[Dataset]:
====

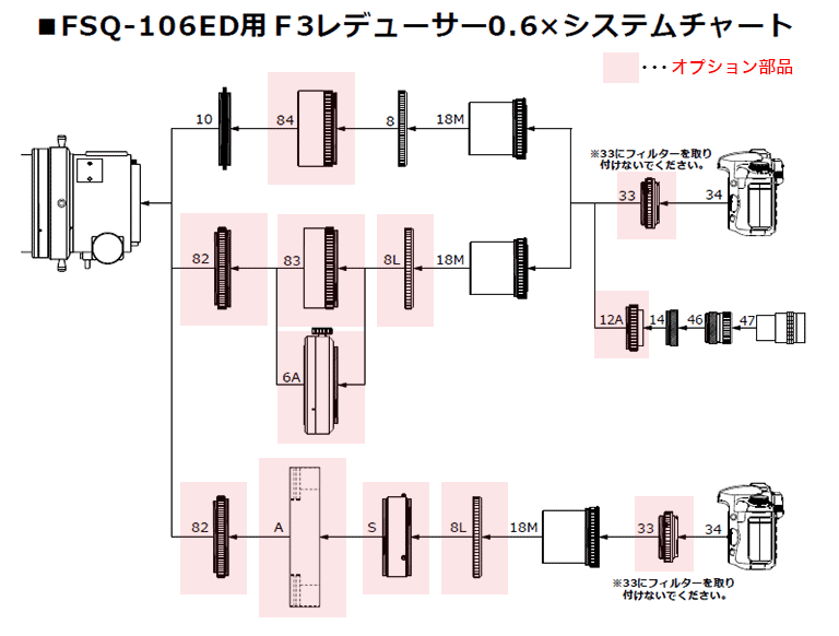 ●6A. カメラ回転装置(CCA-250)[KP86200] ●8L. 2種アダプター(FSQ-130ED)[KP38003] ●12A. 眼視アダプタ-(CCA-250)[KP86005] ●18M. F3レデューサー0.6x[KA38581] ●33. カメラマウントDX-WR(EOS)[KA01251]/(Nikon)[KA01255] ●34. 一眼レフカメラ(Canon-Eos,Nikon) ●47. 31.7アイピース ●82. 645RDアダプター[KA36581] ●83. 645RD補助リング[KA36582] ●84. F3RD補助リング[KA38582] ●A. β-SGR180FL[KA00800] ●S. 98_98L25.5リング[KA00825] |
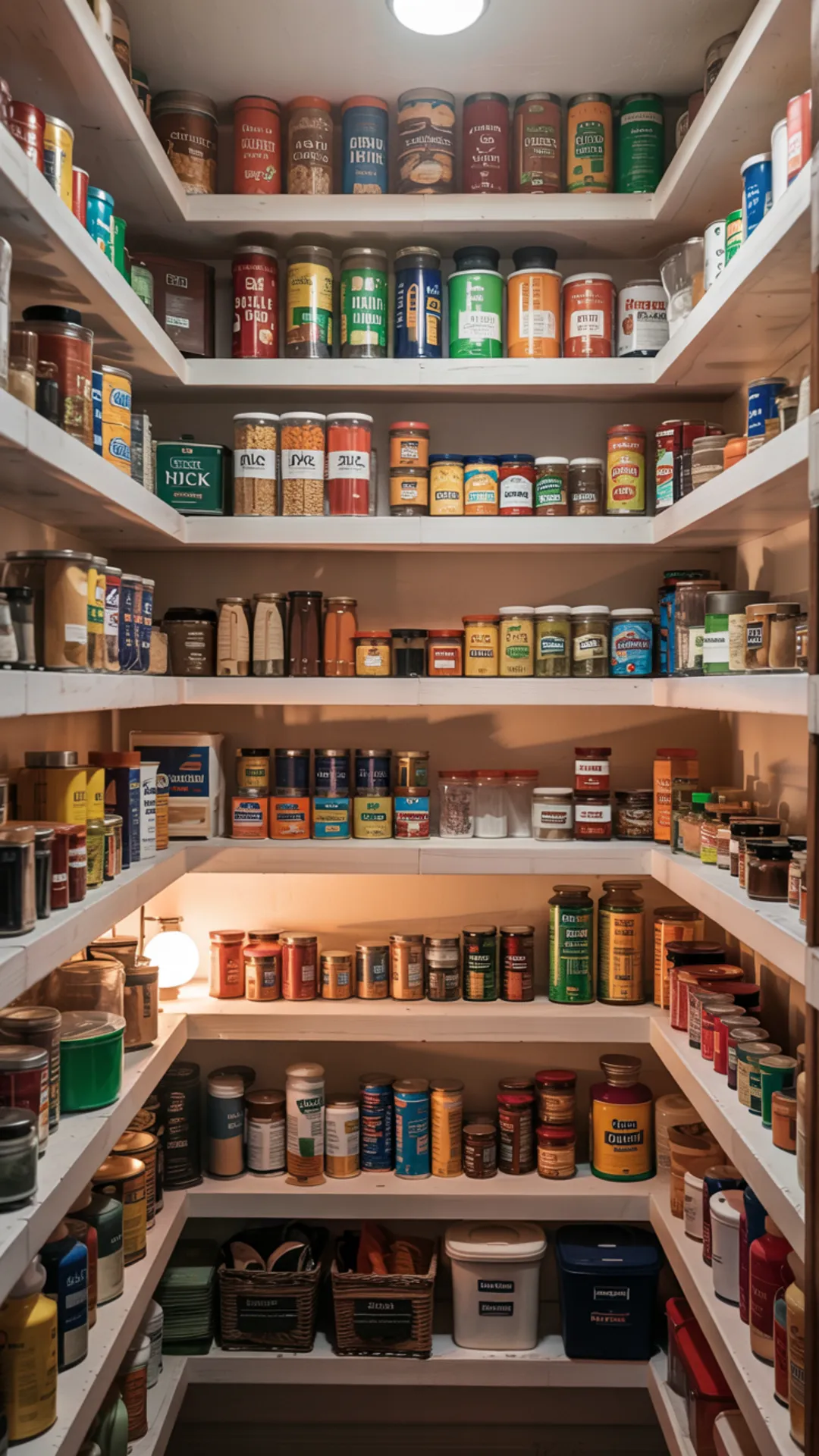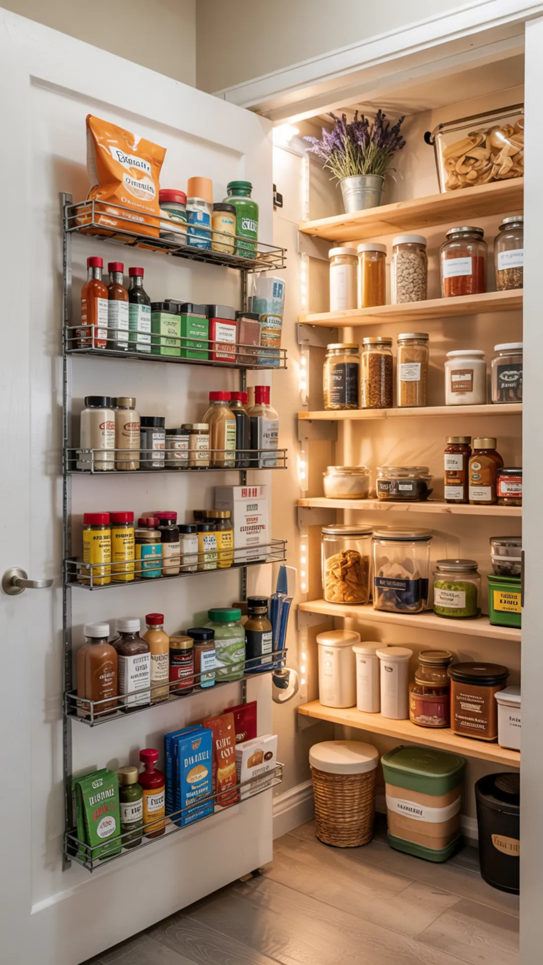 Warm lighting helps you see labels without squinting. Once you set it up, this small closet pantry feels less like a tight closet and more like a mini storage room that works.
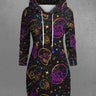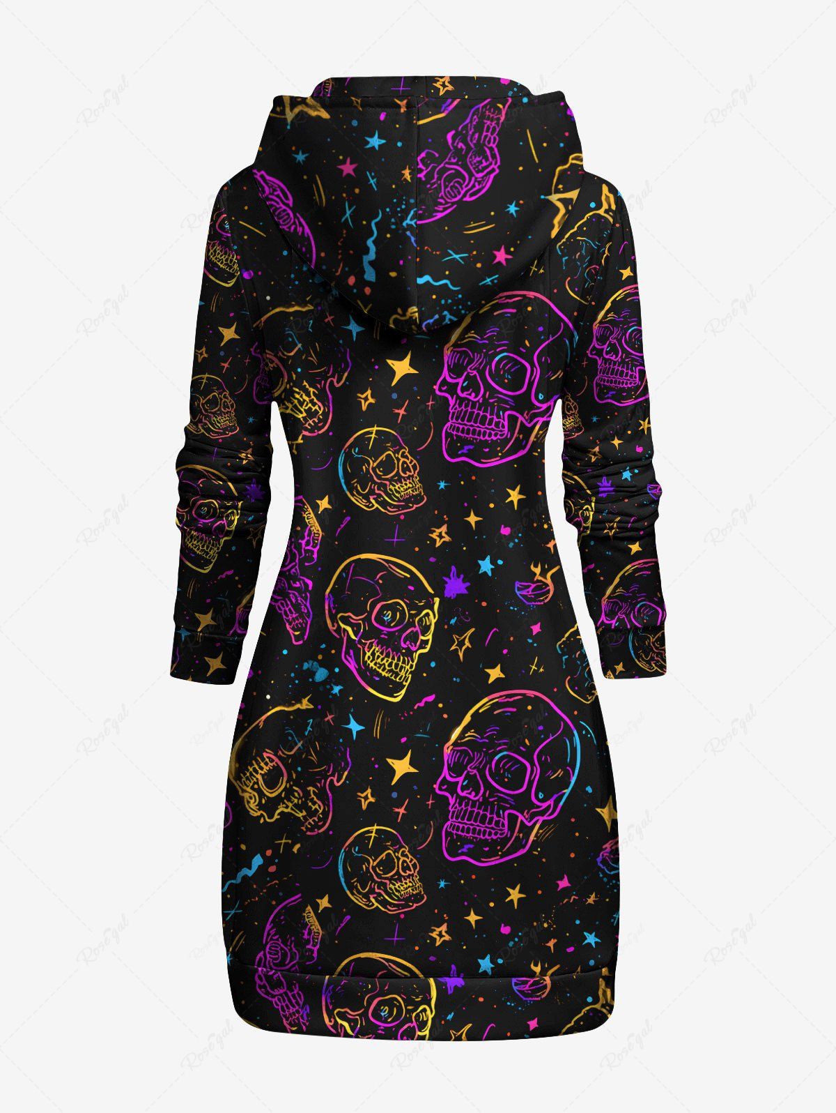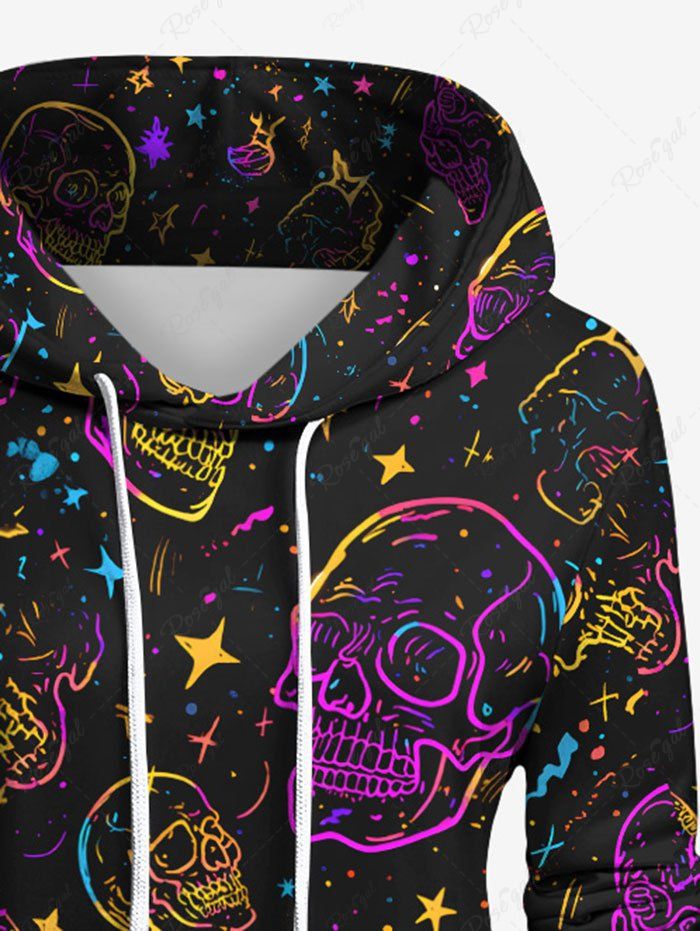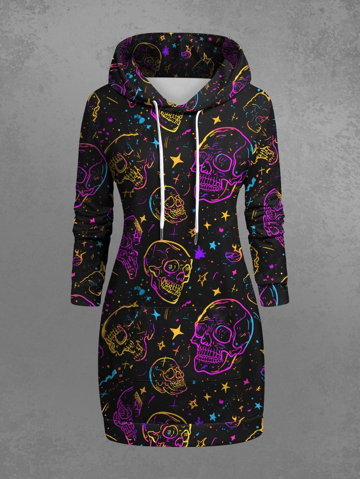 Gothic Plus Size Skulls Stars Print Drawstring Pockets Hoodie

====

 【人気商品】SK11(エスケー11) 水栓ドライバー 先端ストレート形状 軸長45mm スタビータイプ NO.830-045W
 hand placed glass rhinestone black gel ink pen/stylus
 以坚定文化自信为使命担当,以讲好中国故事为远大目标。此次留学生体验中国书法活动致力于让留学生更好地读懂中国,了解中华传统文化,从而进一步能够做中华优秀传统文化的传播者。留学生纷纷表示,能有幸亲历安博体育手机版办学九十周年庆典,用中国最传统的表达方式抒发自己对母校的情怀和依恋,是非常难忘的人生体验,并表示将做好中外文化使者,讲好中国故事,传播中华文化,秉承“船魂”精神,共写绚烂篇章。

====

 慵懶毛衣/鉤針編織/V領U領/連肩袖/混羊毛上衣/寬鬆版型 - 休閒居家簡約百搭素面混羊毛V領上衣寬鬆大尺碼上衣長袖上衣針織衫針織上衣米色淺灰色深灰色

====

In the records above, everything from the line with "β-SGR180FL[KA00800] ●S. 98_98L25.5リング[KA00825] |" down to the line with "Gothic Plus Size" must be duplicated exactly, both lines kept. Leave no pictures in.

 ●6A. カメラ回転装置(CCA-250)[KP86200] ●8L. 2種アダプター(FSQ-130ED)[KP38003] ●12A. 眼視アダプタ-(CCA-250)[KP86005] ●18M. F3レデューサー0.6x[KA38581] ●33. カメラマウントDX-WR(EOS)[KA01251]/(Nikon)[KA01255] ●34. 一眼レフカメラ(Canon-Eos,Nikon) ●47. 31.7アイピース ●82. 645RDアダプター[KA36581] ●83. 645RD補助リング[KA36582] ●84. F3RD補助リング[KA38582] ●A. β-SGR180FL[KA00800] ●S. 98_98L25.5リング[KA00825] |
 Warm lighting helps you see labels without squinting. Once you set it up, this small closet pantry feels less like a tight closet and more like a mini storage room that works.
 Gothic Plus Size Skulls Stars Print Drawstring Pockets Hoodie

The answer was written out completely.